Questo pomeriggio, mentre concludevo con Maria Luisa una breve passeggiata, mi rammaricavo con lei per non essere riuscito a scrivere nulla sul blog da oltre un mese. Mia moglie cercava di consolarmi dicendo che sicuramente in luglio sarei stato più creativo. Ma subito d'impulso l'ho frenata e le ho detto che così facendo avrei saltato un mese, senza neppure scrivere una virgola.
Ed è bastata questa frase per stimolare la fantasia. Già vedevo la sagoma di un grosso segno d'interpuzione emergere da un prato, come un mastodontico reperto archeologico. Però poi, quando poco fa ho iniziato a tracciare le linee dell'immagine d'esordio che accompagna questo post, ho preferito fare della virgola una sorta di monumento rallegrando la scena e disegnando nei pressi anche una giovinetta che corre felice facendo svolazzare un'altra virgola a mo' di aquilone.
Insignificante virgola, fondamentale in verità per rendere meglio il senso di un capoverso, separando le parole quel tanto che basti per farne comprendere il vero significato. Necessaria per riprendere respiro, là dove il pensiero si dilunga un poco oltre, più del dovuto, mentre un punto fermo sembra ancora lontano nelle intenzioni di chi scrive.
Un simpatico segnetto che, per facile associazione d'idee, richiama alla mente il passo della Sacra Scrittura in cui si dice che neppure uno iota andrà perso.

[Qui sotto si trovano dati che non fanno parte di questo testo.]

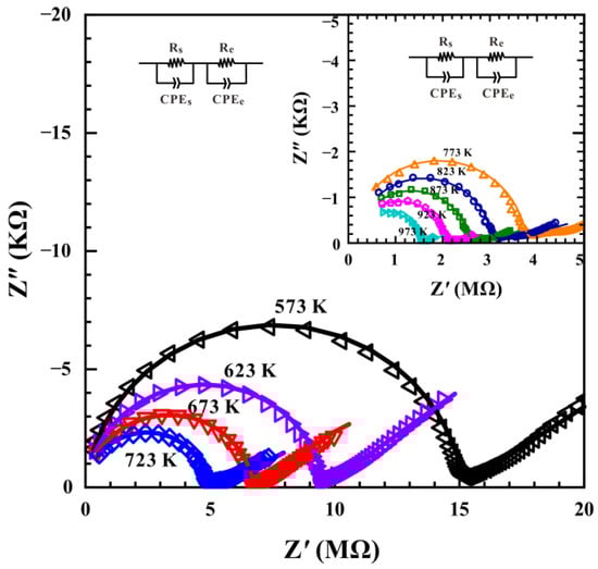 In this study, the electrical conductivities of dacite containing seven pyrite contents (i.e., 0, 3, 5, 7, 10, 20, 100 vol.%) were measured systematically from 573 K to 973 K under 1.0 GPa. Meanwhile, we conducted the measurements of the dacite with 5 vol% pyrite at 1.0–3.0 GPa. Figure 6 illustrates the impedance spectra of dacite incorporating 10 vol.% pyrite under temperatures of 573–973 K and 1.0 GPa. The electrical transport within the grain interior is depicted by a curve in semi-circular shape, while the polarization effect occurring at the interface between the sample and electrode is illustrated by a little tail [19,20]. To acquire the resistance value from the complex impedance spectra, an equivalent electrical circuitry was constructed by connecting RS–CPES and RE–CPEE in series. Here, RS represents the sample resistance, while RE denotes the boundary-surface resistance of the electrode. CPES and CPEE are the components that maintain a constant phase in the sample and electrode–sample interface, respectively.

Quella virgoletta al contrario che compare sotto certe lettere dell'alfabeto greco e che rischia di sbiadirsi col tempo, spazzata via dalle dita di un lettore insicuro che le scorre sotto la riga che sta leggendo in quel momento.
Grazie piccolo ciuffetto ribelle, ciocca mossa dal vento sulla fronte di un giovinetto in questa lunga notte africana dove non sarà una virgola a ridonare il respiro, ma una goccia venuta dal nord in compagnia di numerose sorelle.